* What you have to do
Quote the whole listing exactly. Leave the pictures out of your copy.

* Information provided
○ ○ ○ ○

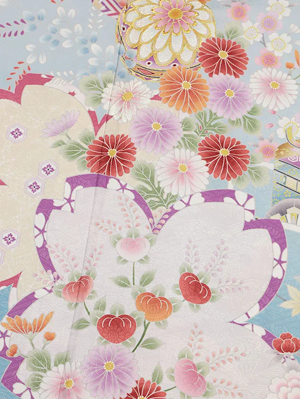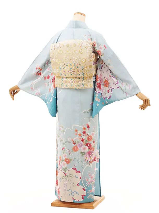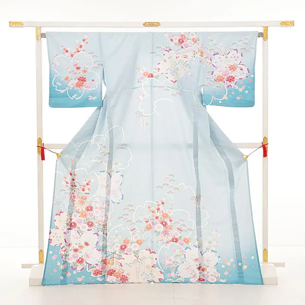 夏訪問着 単衣 1265 水色 裾ぼかし 鞠花づくし
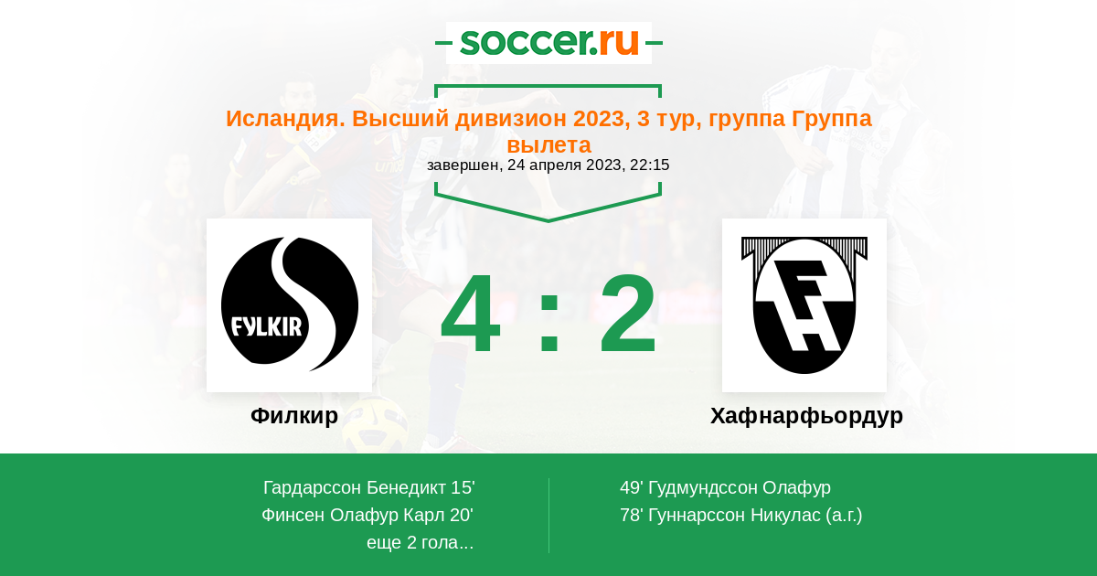 82' (3:2) Эйперссон Асгейр (2) (Боргпорссон Оскар (77))
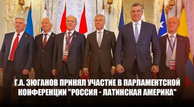В пятницу, 29 сентября, в Москве открылась Первая международная парламентская конференция "Россия - Латинская Америка". В мероприятии принял участие Председатель ЦК КПРФ Г.А. Зюганов. Также КПРФ представляли: Первый заместитель Председателя ЦК КПРФ И.И. Мельников, член Президиума ЦК КПРФ Г.П. Камнев, секретарь ЦК КПРФ А.А. Ющенко.

○ ○ ○ ○

* Response
 夏訪問着 単衣 1265 水色 裾ぼかし 鞠花づくし
 82' (3:2) Эйперссон Асгейр (2) (Боргпорссон Оскар (77))
В пятницу, 29 сентября, в Москве открылась Первая международная парламентская конференция "Россия - Латинская Америка". В мероприятии принял участие Председатель ЦК КПРФ Г.А. Зюганов. Также КПРФ представляли: Первый заместитель Председателя ЦК КПРФ И.И. Мельников, член Президиума ЦК КПРФ Г.П. Камнев, секретарь ЦК КПРФ А.А. Ющенко.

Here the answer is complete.